A horizontal and vertical matrix of mutually supportive law and policy relationships extending from the local to national, regional and international spheres is needed to promote the well-being of mountain peoples and ecosystems. International and national initiatives can learn much from local efforts that are already underway, and local initiatives can draw support from positive developments underway on the international and national scenes. Some international instruments, such as the 1992 United Nations Conference on Environment and Development (UNCED) Forest Principles or the Convention on Biological Diversity, for example, may appear as abstract global pronouncements with little connection to underlying realities. Local management agreements linked to the aims of international texts such as these, however, can create more authoritative legal mechanisms for promoting the well-being of mountain peoples and the sustainable development of mountain ecosystems.

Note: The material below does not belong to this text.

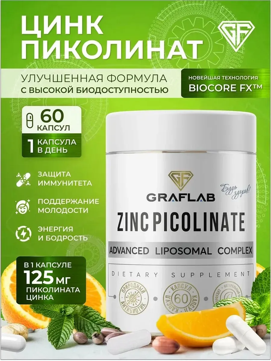 Поддержка иммунитета и здоровья с помощью цинка. Цинк пиколинат 125мг в форме капсул, всего 60 штук. Это средство может помочь укрепить иммунную систему, улучшить кожу и волосы. Подходит для тех, кто ищет естественный способ поддерживать здоровье.

Participants in the Mountain Forum’s electronic conference on “Mountain Policy and Law” indicated that the most promising initiatives are those in which national/state governments defer to local communities in setting up and executing environmental and developmental projects. Quite often local populations have developed their knowledge of mountain ecosystems over long periods of time; much of this knowledge is a priceless intellectual resource. The participants largely agreed that the role of central/state governments should be to recognize the value of local knowledge and encourage, facilitate, support and help coordinate local initiatives by mountain peoples.
Legal strategies will inevitably vary depending on each nation’s unique history, cultures and environments, but common themes can be identified. Rather than being active participants in project design and implementation. For example, there is widespread sentiment that national/state governments should let communities take responsibility for identifying their own solutions to challenges affecting their development. Oftentimes, of course, the application of these solutions will require external technical assistance for schools, health care, agroforestry and support for enterprise development and communications.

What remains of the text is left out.